#### [Exercise requirements]
If pictures appear among the lines below, leave them out while you return exactly the lines from the one with "Натяжной потолок белый" through the one with "Cascos gaming ACCETEL".
(Provided material)
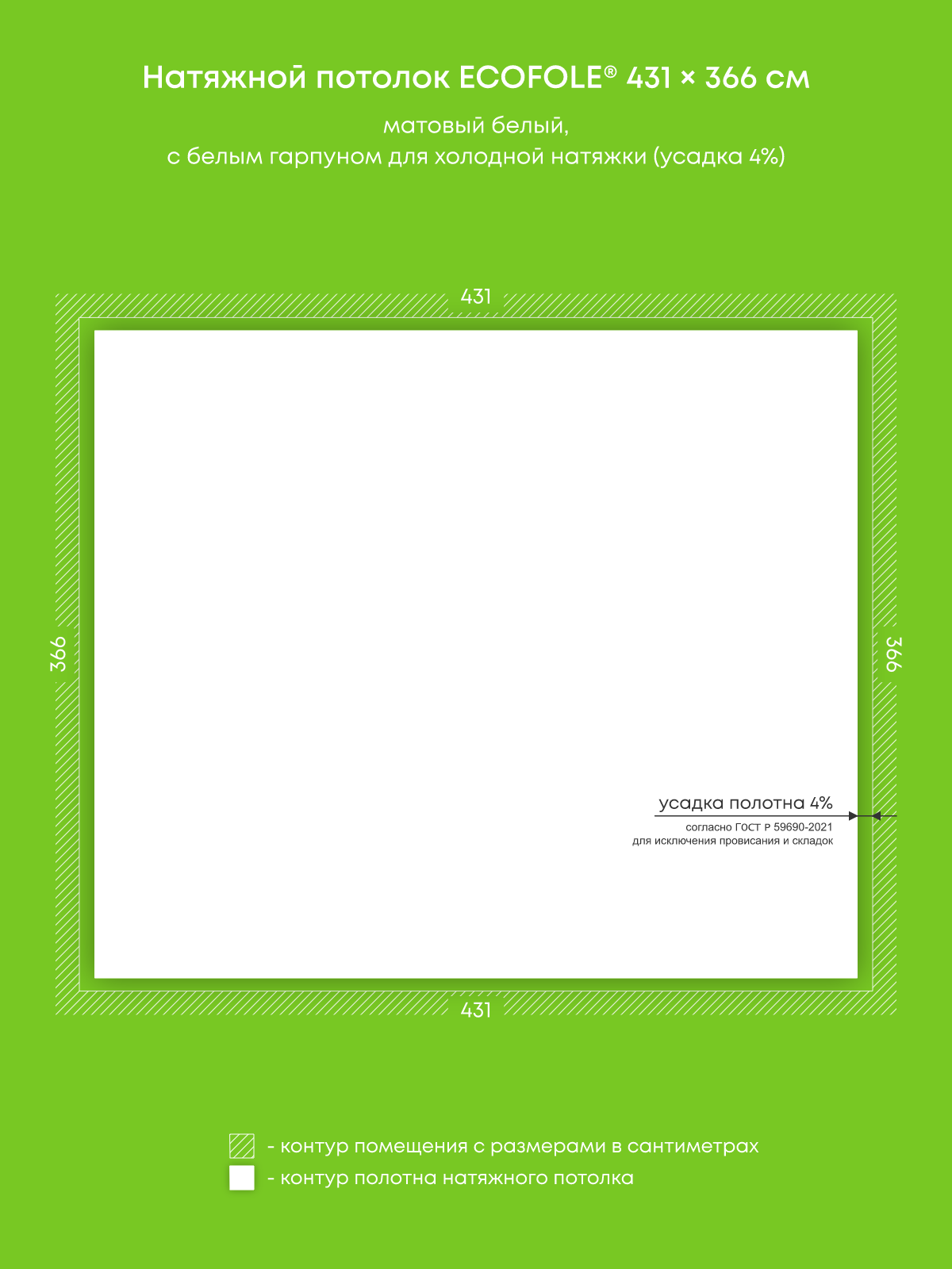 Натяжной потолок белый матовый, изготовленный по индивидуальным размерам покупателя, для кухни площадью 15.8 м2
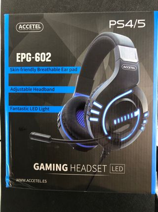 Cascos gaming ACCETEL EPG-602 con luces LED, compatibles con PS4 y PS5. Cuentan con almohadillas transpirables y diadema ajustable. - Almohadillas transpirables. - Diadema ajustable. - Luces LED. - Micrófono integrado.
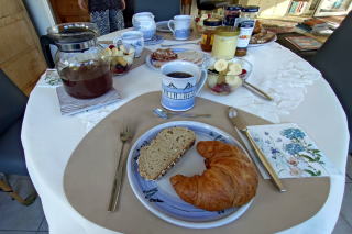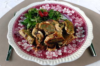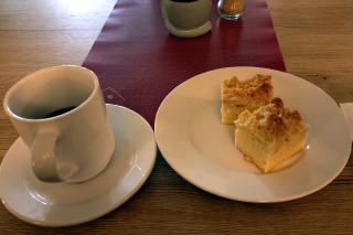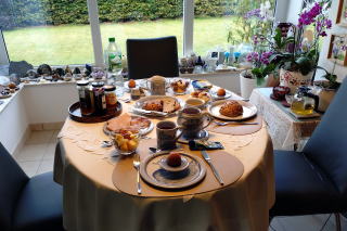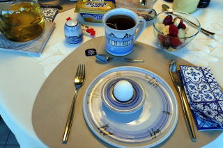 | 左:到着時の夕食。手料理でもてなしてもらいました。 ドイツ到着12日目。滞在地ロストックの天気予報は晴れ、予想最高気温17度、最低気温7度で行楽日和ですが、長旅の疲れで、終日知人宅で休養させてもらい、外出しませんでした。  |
(End Provided material)
(Provided material)
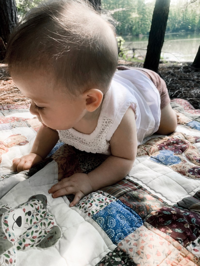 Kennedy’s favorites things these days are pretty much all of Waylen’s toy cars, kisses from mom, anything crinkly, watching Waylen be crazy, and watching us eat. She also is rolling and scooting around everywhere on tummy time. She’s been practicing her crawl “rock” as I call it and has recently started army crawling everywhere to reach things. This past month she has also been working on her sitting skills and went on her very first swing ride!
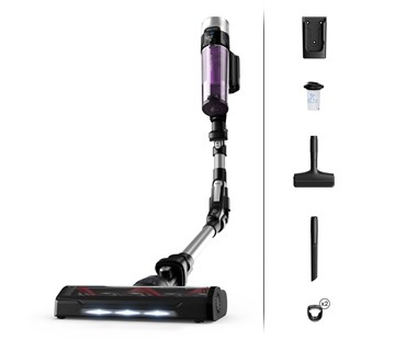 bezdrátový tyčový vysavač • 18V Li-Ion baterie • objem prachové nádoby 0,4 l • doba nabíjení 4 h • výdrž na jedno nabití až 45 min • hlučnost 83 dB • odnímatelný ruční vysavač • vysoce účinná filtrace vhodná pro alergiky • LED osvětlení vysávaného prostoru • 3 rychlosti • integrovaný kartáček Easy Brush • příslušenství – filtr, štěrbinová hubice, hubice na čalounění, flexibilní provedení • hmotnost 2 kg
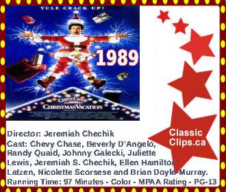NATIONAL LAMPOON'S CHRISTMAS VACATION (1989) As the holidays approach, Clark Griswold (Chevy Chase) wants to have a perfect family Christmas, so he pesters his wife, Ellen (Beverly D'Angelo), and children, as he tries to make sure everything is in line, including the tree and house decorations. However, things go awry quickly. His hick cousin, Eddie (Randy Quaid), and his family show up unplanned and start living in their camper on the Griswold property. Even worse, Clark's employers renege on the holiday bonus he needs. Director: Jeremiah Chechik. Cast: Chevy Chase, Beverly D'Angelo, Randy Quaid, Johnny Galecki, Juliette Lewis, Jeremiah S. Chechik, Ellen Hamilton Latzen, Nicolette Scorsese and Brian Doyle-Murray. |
(End Provided material)
#### [Answer to the exercise]
 Натяжной потолок белый матовый, изготовленный по индивидуальным размерам покупателя, для кухни площадью 15.8 м2
 Cascos gaming ACCETEL EPG-602 con luces LED, compatibles con PS4 y PS5. Cuentan con almohadillas transpirables y diadema ajustable. - Almohadillas transpirables. - Diadema ajustable. - Luces LED. - Micrófono integrado.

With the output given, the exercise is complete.